> What this task involves: With the pictures omitted, repeat exactly the lines below starting with the line that has "The comparison of" and going on through the line that has "Nhấn vào địa".

::: Records shown :::

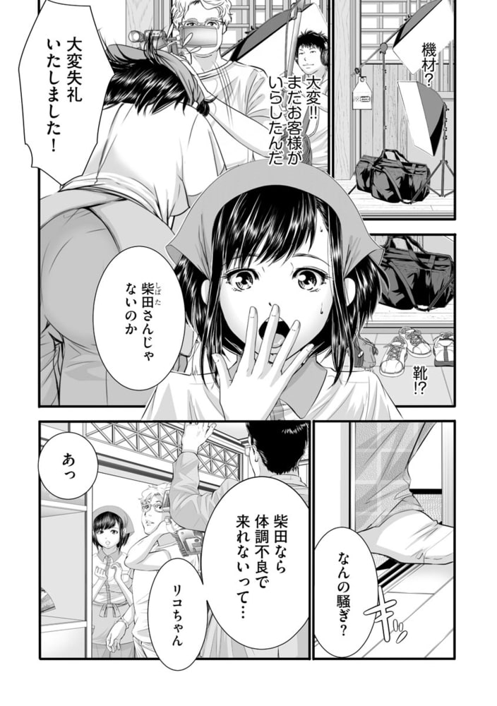 ラブホテルの清掃員として働き始めたリコだが、間違えてAV撮影準備中の部屋に入ってしまう。人手が足りないということで撮影助手としてAV撮影に参加することになったリコ。女優のきれいな体に圧倒され、セックスの迫力に押されながらも、目の前で行われる痴態にリコの股間は疼いてしまい…。そんな時監督に、見透かされたかのようにAV撮影に興味ないかと誘われてしまう…!!
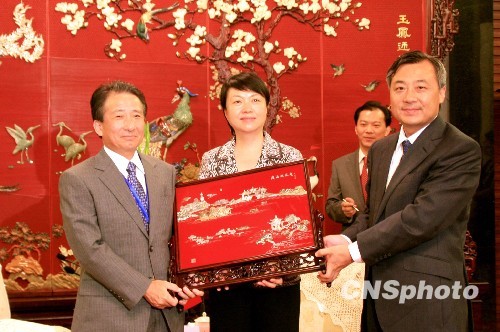 8月25日晚,新任扬州市委书记王燕文(中)、代市长谢正义(右)在扬州迎宾馆会见前来出席第八届中日地方交流促进研讨会的日本自治体国际化协会专务理事上田纮士(左)。中新社发 崔佳明 摄
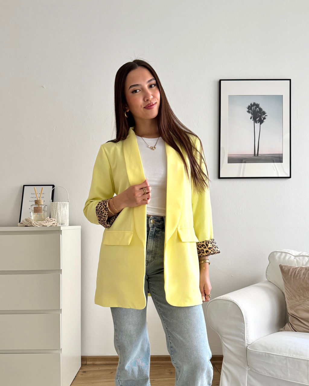 Ein lässiger Begleiter für jede Jahreszeit im modischen Leo-Look. Mit diesem stylischen Blazer im geraden Schnitt und trendigem Schalkragen bist du immer perfekt gestylt. Die aufgenähten Taschen verleihen dem Oversized Blazer auch noch das gewisse Etwas. Egal ob im Büro oder in der Freizeit, mit diesem Blazer setzt du ein modisches Statement.
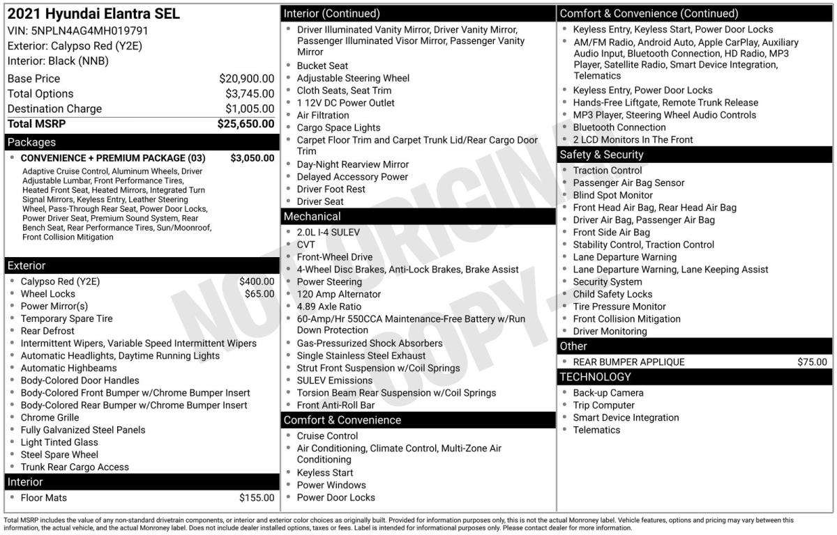Discover the perfect blend of style, technology, and performance in this 2021 Hyundai Elantra SEL. With its sleek exterior, advanced features, and exceptional fuel efficiency, this sedan is the ideal choice for the discerning driver.Highlighted by the Convenience + Premium Package, this Elantra SEL offers a wealth of premium amenities:• Wireless Device Charging• Smart Cruise Control with Stop & Go• Full 10.25" LCD TFT Cluster• Heated Front Seats• Bose Premium Audio System• Power SunroofThe Elantra's striking Calypso Red exterior exudes confidence and style, while the dark chrome accents and alloy wheels add a touch of sophistication. Step inside and you'll be greeted by a spacious and well-appointed cabin, featuring a leather-wrapped steering wheel, power driver's seat with lumbar support, and a host of connectivity and safety technologies.Under the hood, the 2.0L 4-cylinder engine delivers an impressive 31 city/41 highway MPG, making this Elantra an exceptional value for the modern driver. With its responsive handling and smooth CVT transmission, this sedan provides a refined and engaging driving experience.But the true standout feature of this Elantra SEL is its comprehensive suite of advanced safety systems. From Forward Collision Avoidance Assist to Smart Cruise Control, this vehicle is designed to keep you and your loved ones secure on the road. The Hyundai Digital Key feature also adds a convenient touch, allowing you to access and start your car with your smartphone.With its one-owner CARFAX history and low mileage, this 2021 Hyundai Elantra SEL represents an exceptional opportunity. Don't miss your chance to experience the perfect balance of style, technology, and performance. Contact us today to schedule a test drive and discover why this Elantra should be your next vehicle.
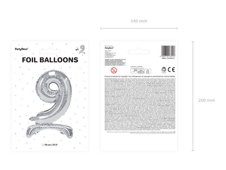 Metalizowany stojący balon foliowy Cyfra ''9''.
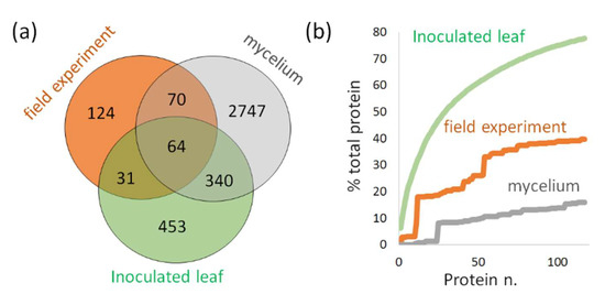 The comparison of P. infestans proteins found in all three datasets. (a) The overlap between identified P. infestans proteins and (b) the contribution of the most abundant P. infestans proteins found in the inoculated detached leaves (green) to the total Phytophthora protein content in leaves from the field experiment (orange) and mycelium (gray). See Supplementary Table S12 for details.
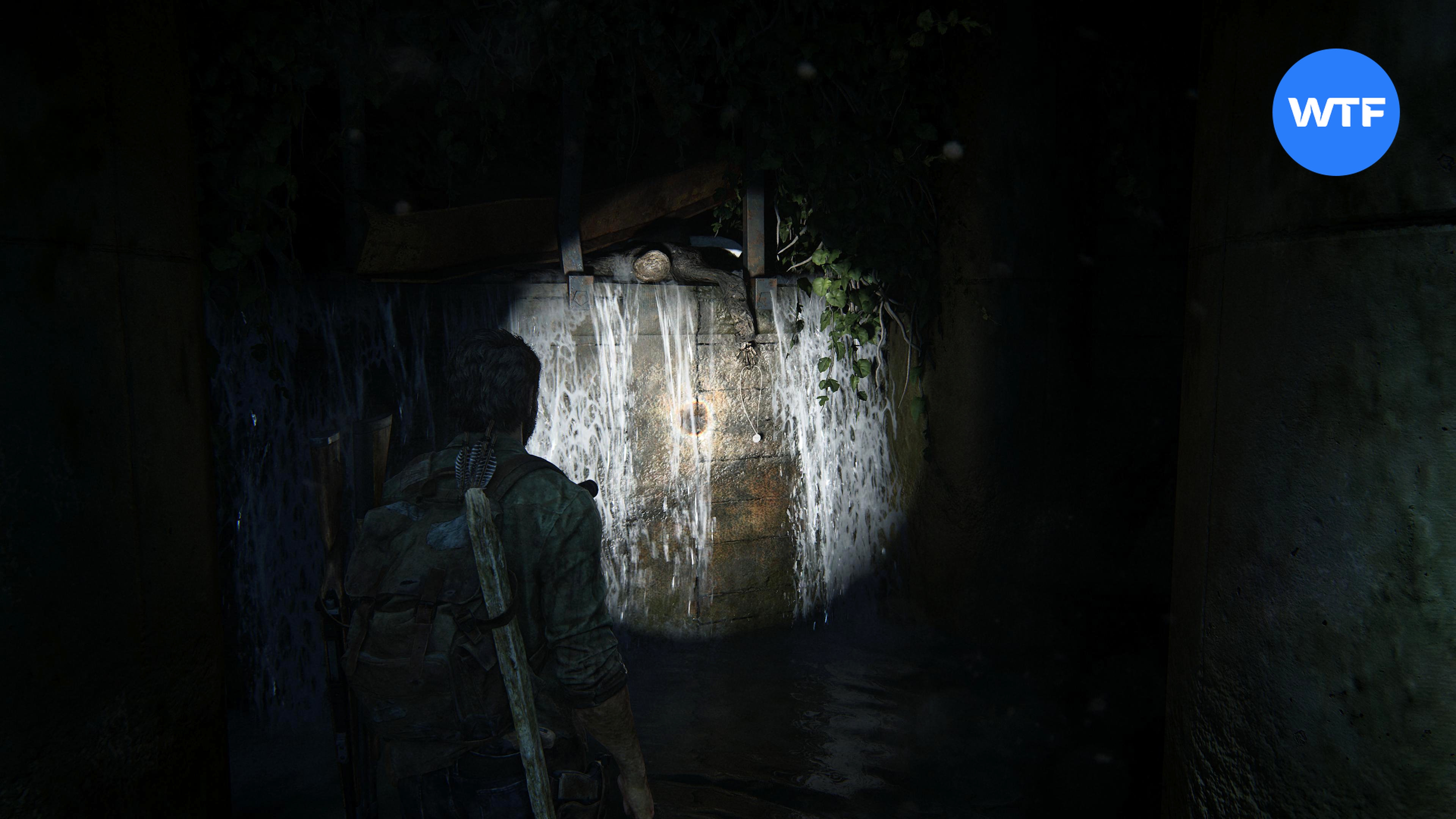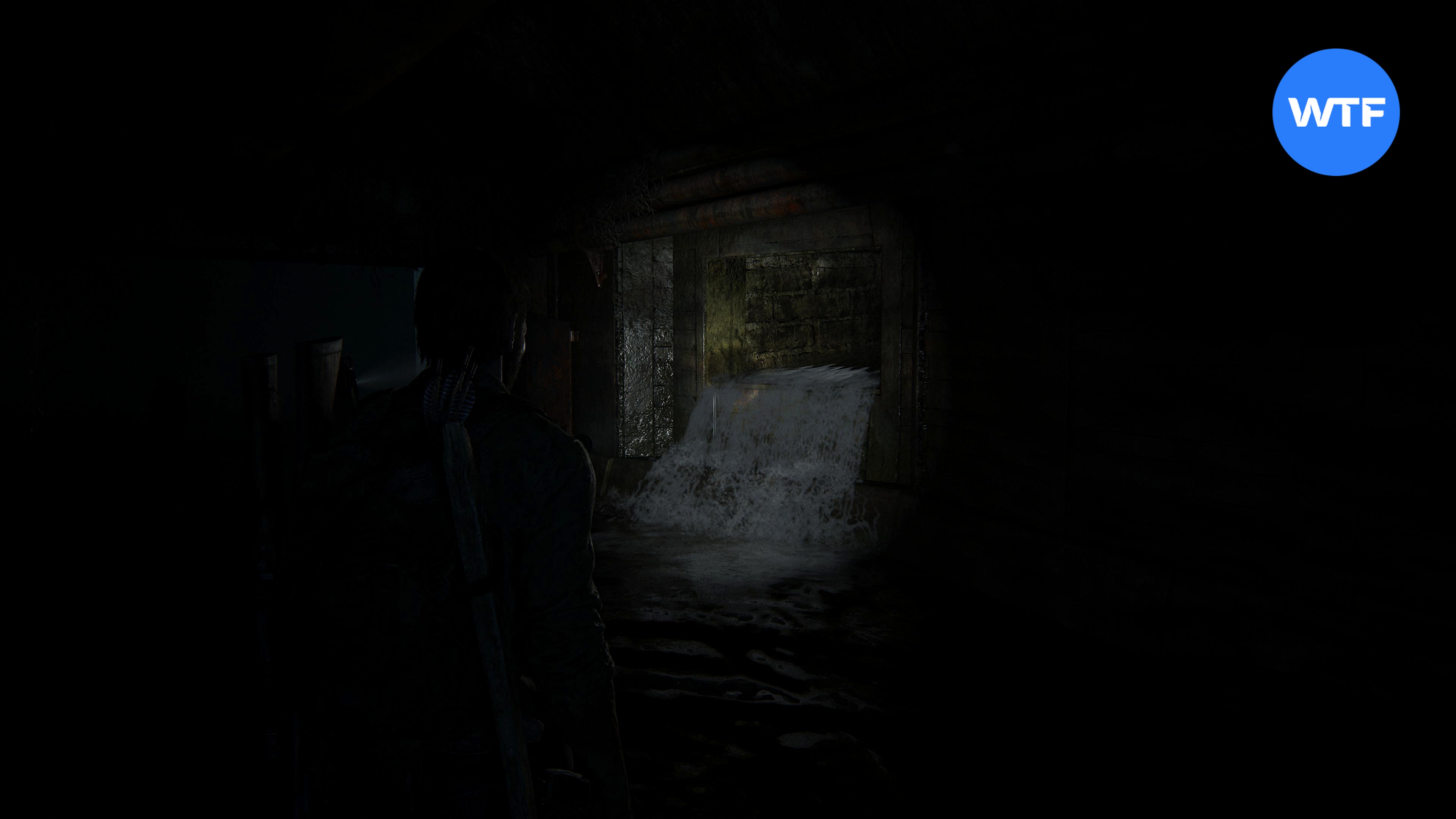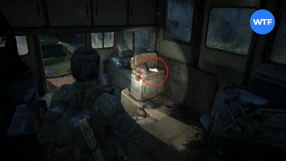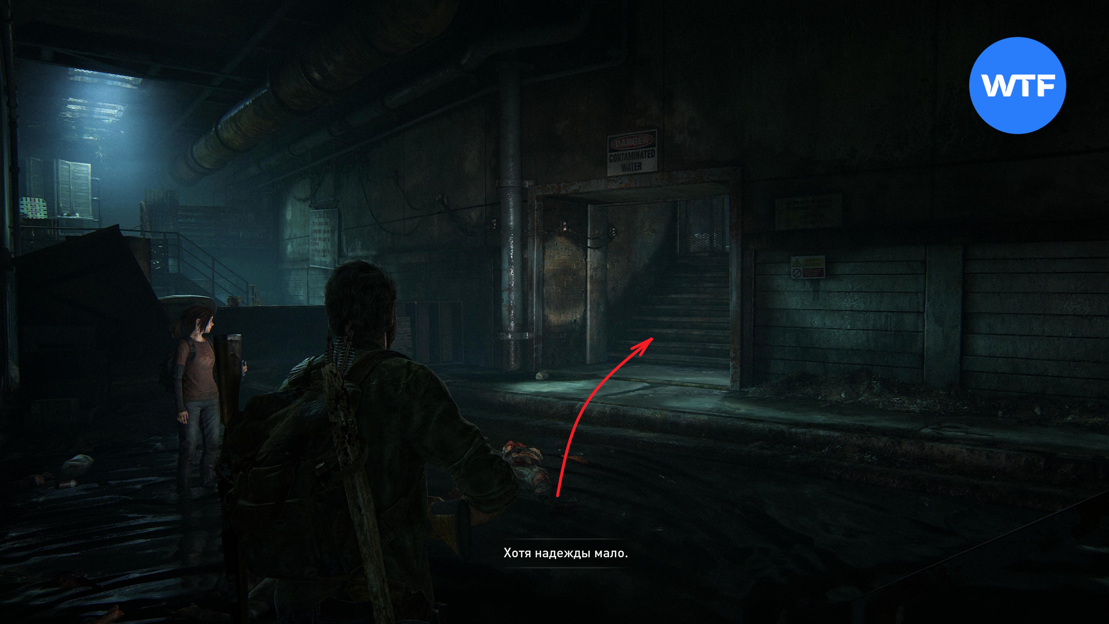 По сюжету вам нужно проплыть под воротами и найти деревянный поддон для Элли. Рядом с ним есть дверь, ведущая в комнату с Щелкунами. Разберитесь с врагами и возьмите записку у спального мешка.
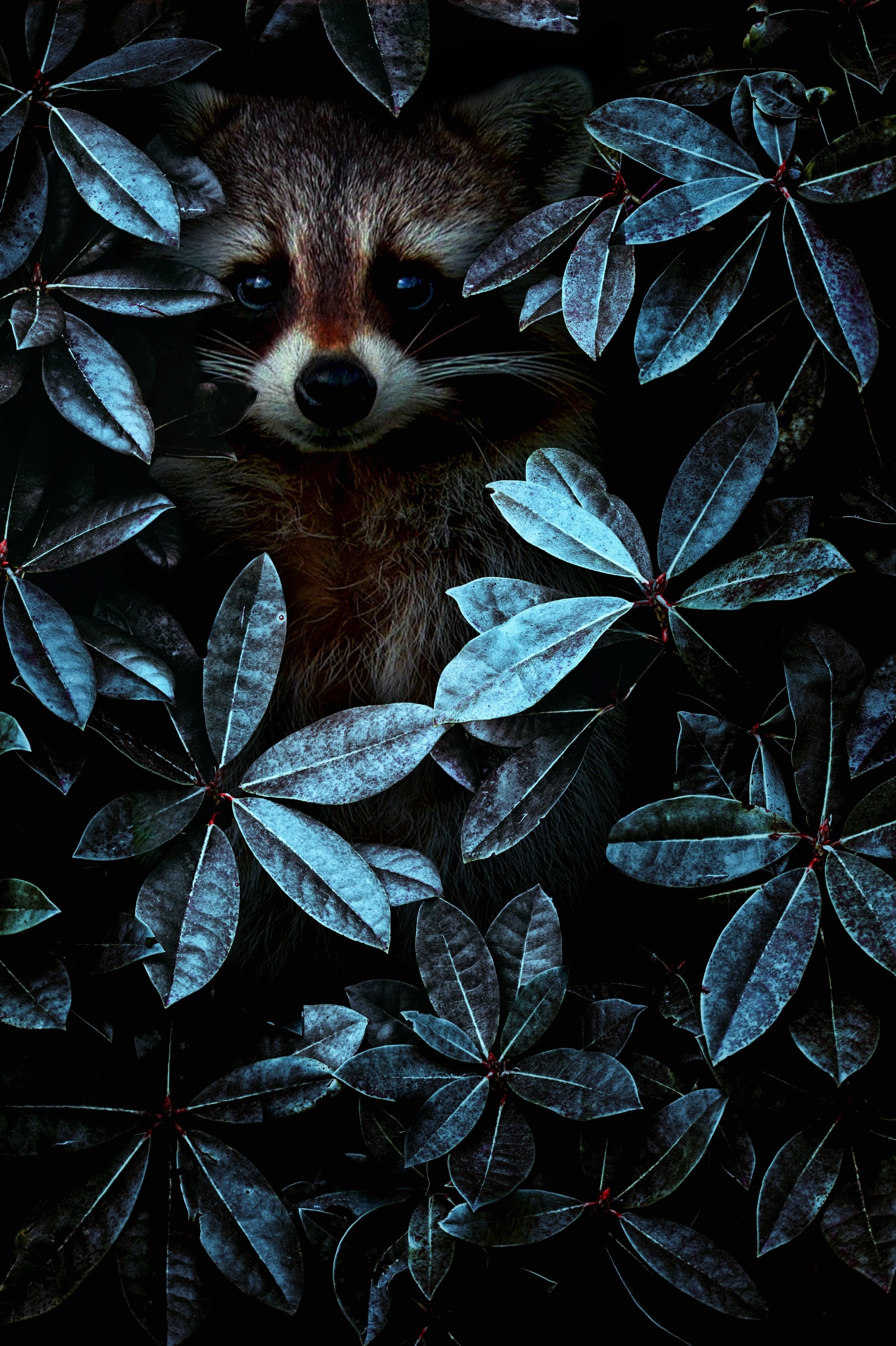 Енот в кустах
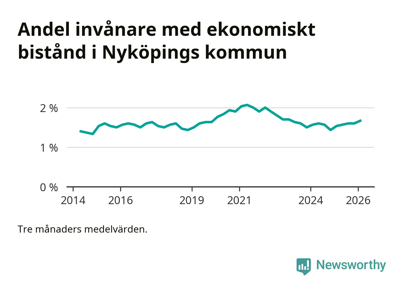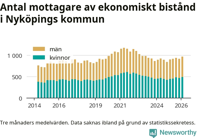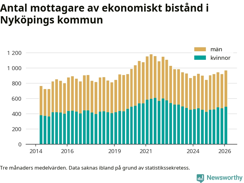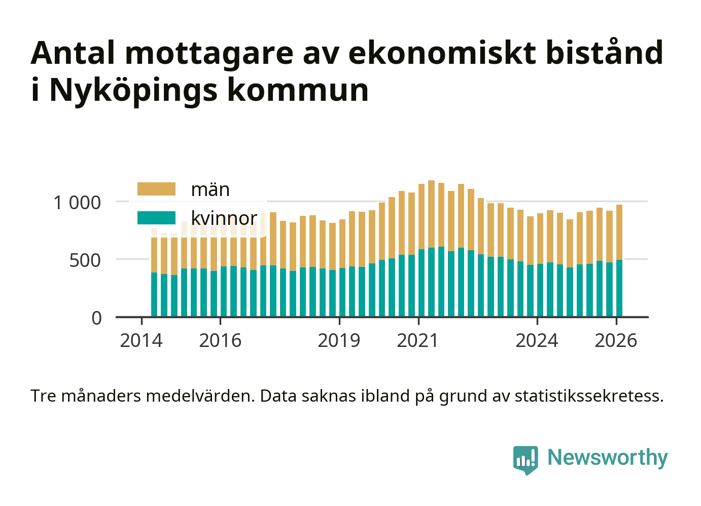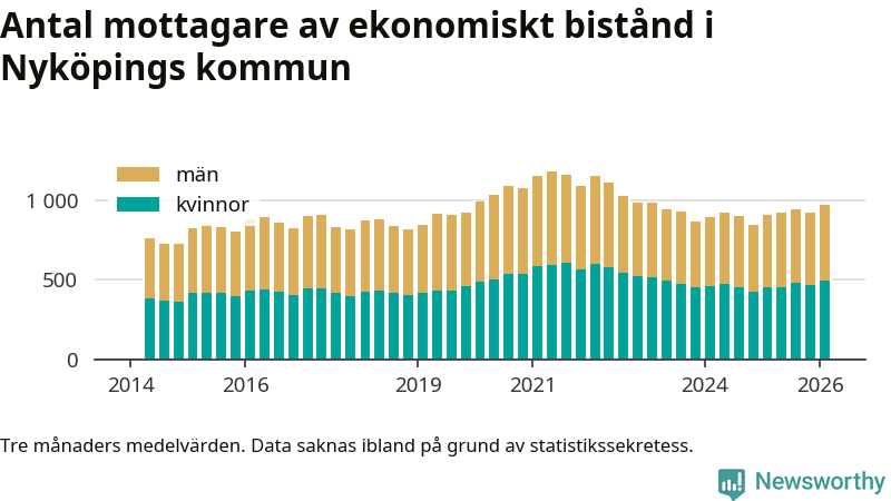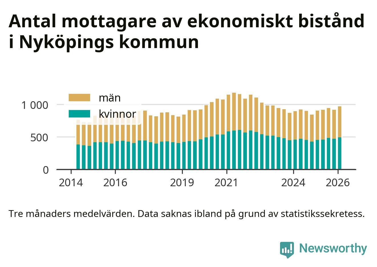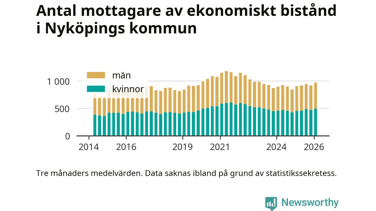 I genomsnitt 969 personer per månad fick ekonomiskt bistånd i Nyköpings kommun
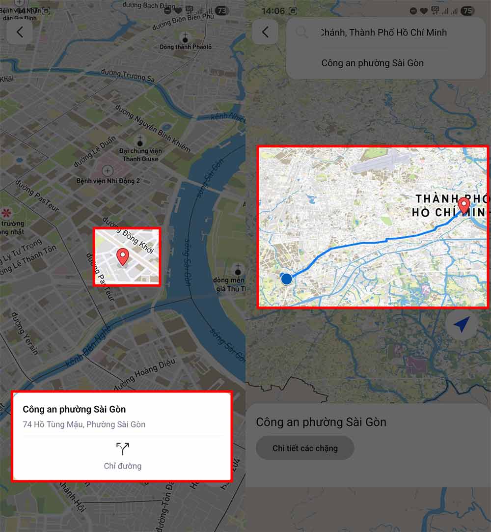 Nhấn vào địa chỉ Công an hiển thị, sau đó bạn sẽ được chuyển sang giao diện bản đồ để bạn dễ dàng tìm đường đi tới địa chỉ Công an phường, xã mới.
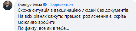 "Похожая ситуация с вакцинацией людей без документов. На всех уровнях говорят: работает, разъяснения есть, везде можно сделать. По факту, все как у тебя...", - пишет нардеп Роман Грищук в ответ на историю Щербины.
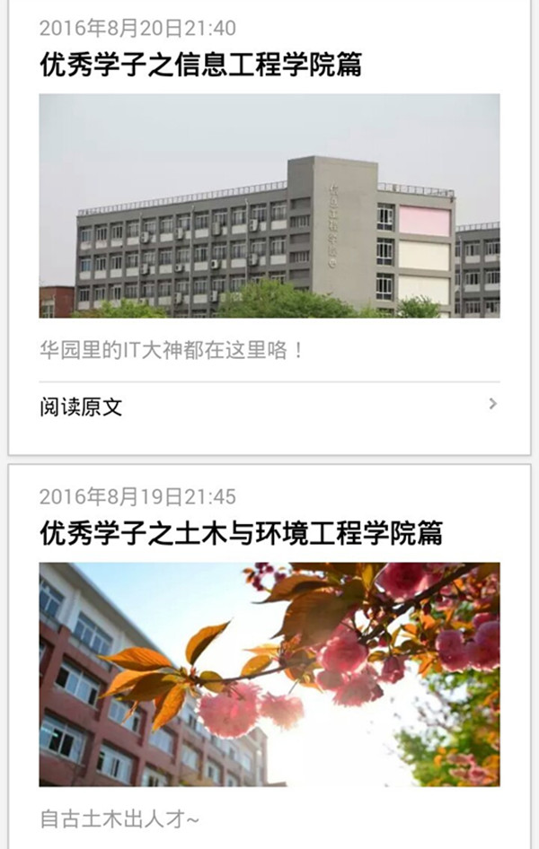 为帮助新生了解学校各二级学院的情况,官方微信平台从8月19日至29日陆续推出11篇 “优秀学子之二级学院篇”专题,分别介绍了11个二级学院的专业、环境、教研成果等特色,以便新生直接、细致了解自己所在学院的具体情况,近年来各二级学院毕业的众多优秀学子事迹,也给了新生最大的鼓舞。同时,官方微信还推出了“约定华园”“梦启华园”等线上活动,为新生送上“入学礼物”。

:::

> Solution to this exercise:
 The comparison of P. infestans proteins found in all three datasets. (a) The overlap between identified P. infestans proteins and (b) the contribution of the most abundant P. infestans proteins found in the inoculated detached leaves (green) to the total Phytophthora protein content in leaves from the field experiment (orange) and mycelium (gray). See Supplementary Table S12 for details.
 По сюжету вам нужно проплыть под воротами и найти деревянный поддон для Элли. Рядом с ним есть дверь, ведущая в комнату с Щелкунами. Разберитесь с врагами и возьмите записку у спального мешка.
 Енот в кустах
 I genomsnitt 969 personer per månad fick ekonomiskt bistånd i Nyköpings kommun
 Nhấn vào địa chỉ Công an hiển thị, sau đó bạn sẽ được chuyển sang giao diện bản đồ để bạn dễ dàng tìm đường đi tới địa chỉ Công an phường, xã mới.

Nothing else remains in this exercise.